In its most elementary form, corruption occurs when any undue compensation or benefit is given to a person for any conduct or omission related to his / her duty for which he / she is paid a salary.

Active corruption is created in section 1(1)(a) and is committed by the corruptor. The corruptor is the person who initiates the advance and makes the payment. Section 1(1)(a)(ii) refers to past corruption and section 1(1)(a)(i) to future corruption.

Passive corruption is created in section 1(1)(b) and is committed by the corruptee. The corruptee is the person who receives the payment and delivers the service. Section 1(1)(b) also refers to past corruption (section 1(1)(b)(ii)) and future corruption (section 1(1)(b)(i)).

D. REMEDIES THROUGH CRIMINAL LAW

D1 The Players

The following are some of the players in the fight against corruption within South Africa:

  • Various departments within the South African Police Service (SAPS)

    • Anti-Corruption Units
    • Commercial Crime Units
    • General Detective Units

  • Various offices operating within the Department of Justice and under the auspices of the Office of the National Director of Public Prosecutions, namely:

    • Investigating Directorate: Serious Economic Offences (IDSEO)
    • Special Investigations Directorate (Scorpions)
    • Asset Forfeiture Unit

  • Independent Complaints Directorate

  • Units and Tribunals established under the Special Investigating Units and Special Tribunals Act, Act 74 of 1996.

    • Heath Commission
    • Presidential Task Unit

  • National Intelligence Agency

  • Investigative departments within public enterprises and other government departments

  • Auditing firms with forensic investigative capacities

  • Specialised forensic investigative firms

  • The Public Protector

  • The Auditor-General

D2. The Remedies

Prosecution

The most fundamental remedy in criminal law is that of prosecution of the corruptor and / or the corruptee. South African case law on successful corruption prosecutions are inter alia the following:

  • S v Mtsi 1995 (2) SACR 206 (W): a bank teller was convicted for contravention of section 1(b)(i) of the Corruption Act of 1992 after receiving R3500 for supplying the account numbers of two customers to an outsider. The outsider used this information to draw R36 000 from these accounts. The teller's initial sentence after conviction was four years imprisonment, which was later set aside on appeal and replaced with a suspended sentence.
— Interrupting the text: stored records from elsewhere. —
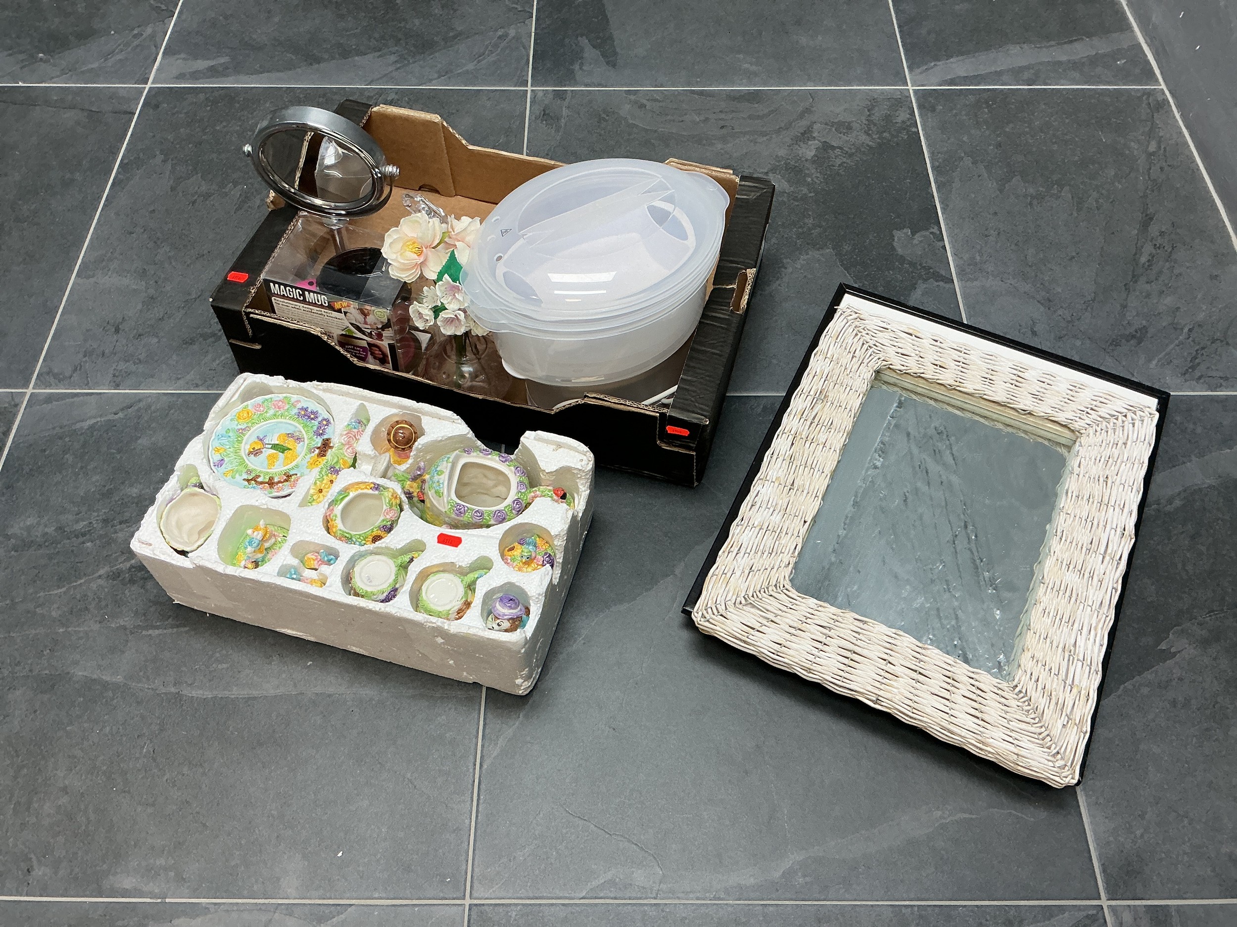 A Selection of Household Items - Includes Russell Hobbs Steamer (Powers On), Garden Tea For Two Set (As Found), Wicker Framed Wall Mirror, And More
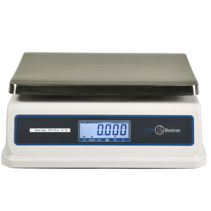 Respuesta: La balanza DIM está disponible en capacidades de 3 kg (división de 1g), 6 kg (división de 2g), 15 kg (división de 5g) y 30 kg (división de 10g).
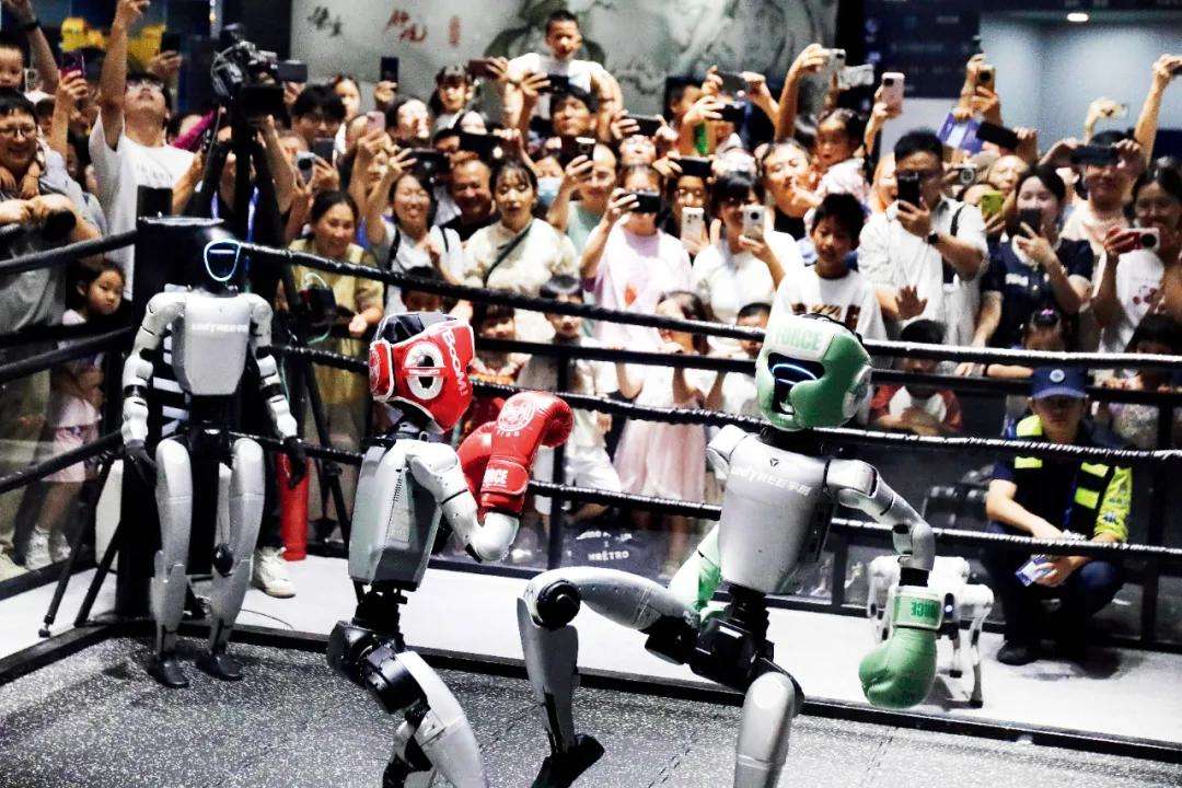 ▲2025年9月27日,浙江杭州,人们在第四届全球数字贸易博览会期间观看人形机器人进行格斗擂台赛。图/中新
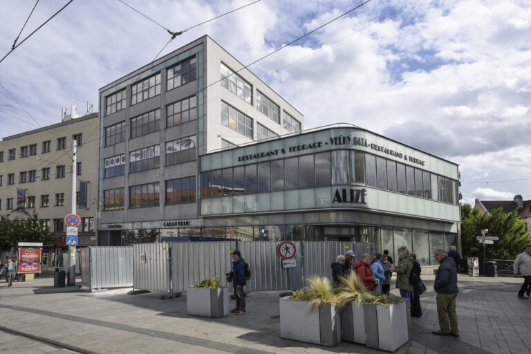 Exteriér budúceho Domu Európy v bývalom Dome obuvi Veľký Baťa na Hurbanovom námestí v Bratislave, ktorý predstavila Kancelária Európskeho parlamentu na Slovensku. Otvorenie nového Domu Európy pre verejnosť je naplánované na koniec roka 2026. Bratislava, 15. máj 2025. Foto: SITA/Milan Illík
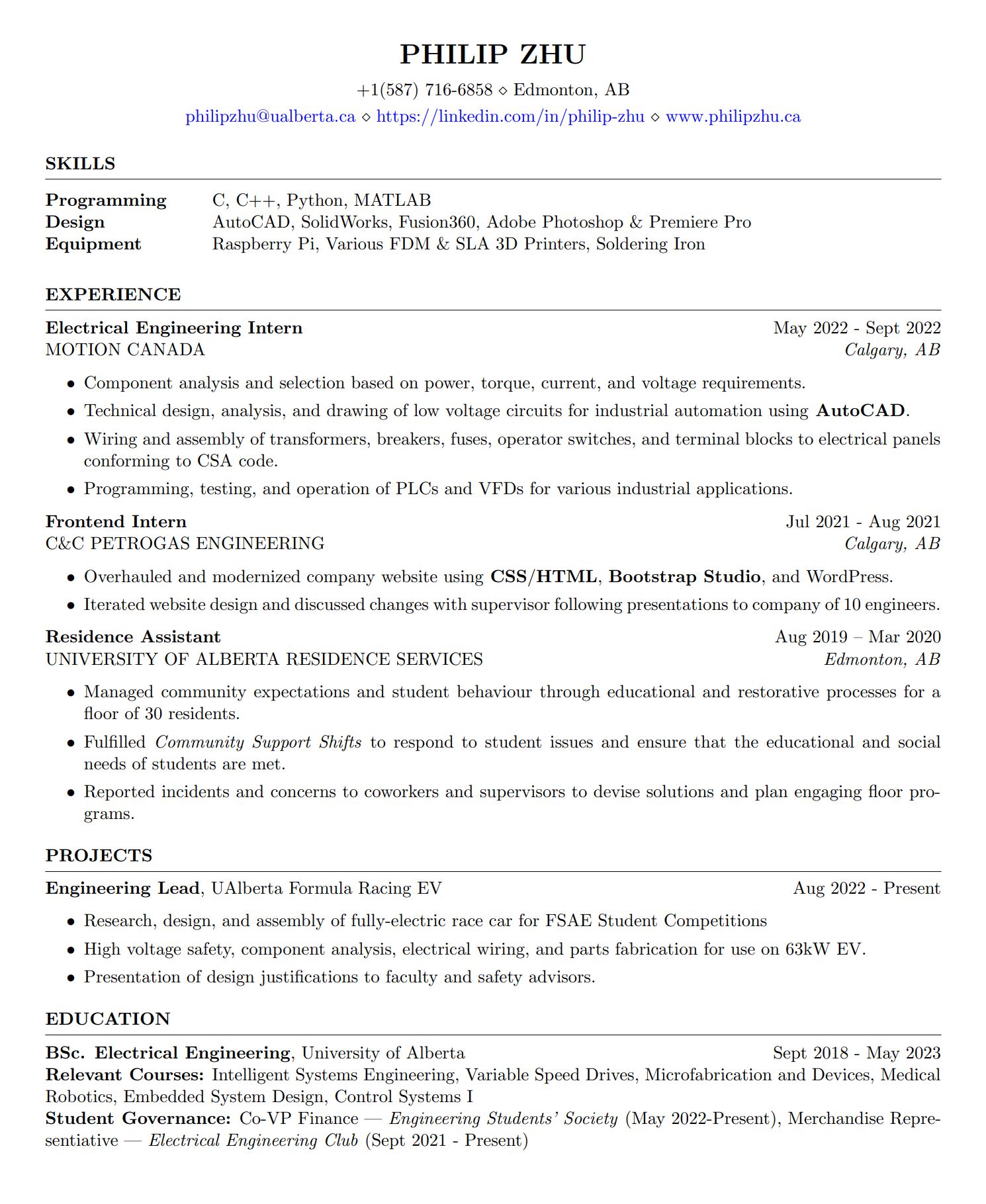 I am a dedicated and driven final year Electrical Engineering student at the University of Alberta with a passion for project management, mechatronics, and aerospace robotics.
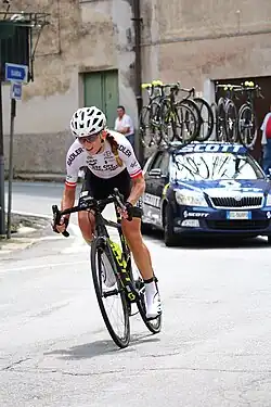 Austrian riders qualified for a maximum of two quota places in the men's Olympic road race by virtue of their top 15 final national ranking in the 2015 UCI Europe Tour.[45] One additional spot was awarded to the Austrian cyclist in the women's road race by virtue of her top 100 individual placement in the 2016 UCI World Rankings.[46] The entire road cycling squad was named to the Austrian roster for the Games on 12 July 2016.[47] Stefan Denifl and Georg Preidler both competed in the men's individual road race, with the former failing to finish and the latter placing 44th with a time of 6:29.42. The pair were later implicated in a blood doping scandal, with Denifl in particular being accused of doping in a timeframe including the Olympics.[48] Priedler fared better four days later at the men's individual time trial, finishing 16th out of 35 starting riders with a time of 1:16:02.36.[49] Martina Ritter, who won the Austrian National Time Trial Championships two months earlier, competed in the women's individual road race. According to Ritter, she fell and hit her ribs in the second lap, which led her to struggle in the last climb. She finished in 46th place with a time of 4:02:07.[50][51]
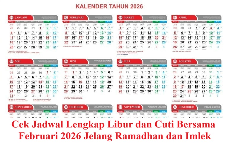 Menjelang bulan suci Ramadhan 2026, masyarakat Indonesia mulai menyiapkan diri untuk ibadah puasa. Salah satu informasi yang paling dicari adalah jadwal libur Februari 2026 dan perkiraan libur Lebaran 2026.
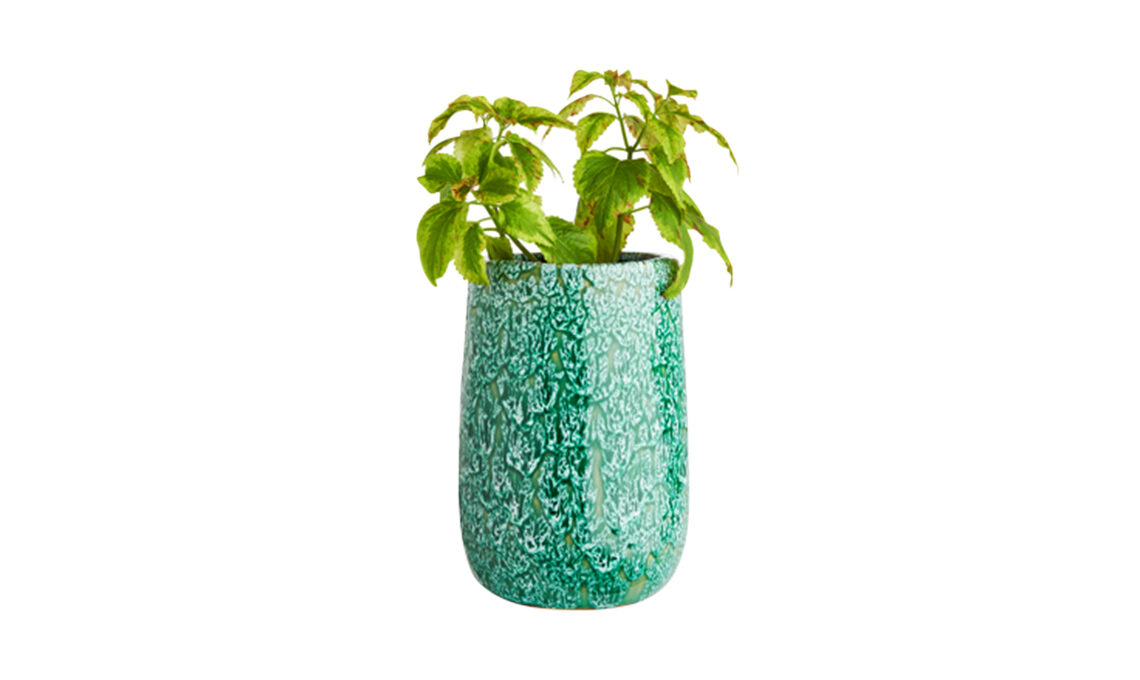Nelle sfumature del verde il vaso da interno Seagrass in ceramica [Serax, ø cm 18x24h € 25].

  • S v Davids 1998 (2) SACR 313 (C): an accused prison warder was convicted of corruption in terms of s 1(1)(b) of the Corruption Act of 1992 for agreeing to accept a bribe from a prisoner in return for assisting his escape. The warder was sentenced to four years imprisonment.

  • In the more recent matter of S V Mogotsi 1999 (1) SACR 604 (W) a traffic officer accepted R100 from a motorist for cancelling a traffic summons and was found guilty of corruption. He received a sentence of four years imprisonment wholly suspended for five years.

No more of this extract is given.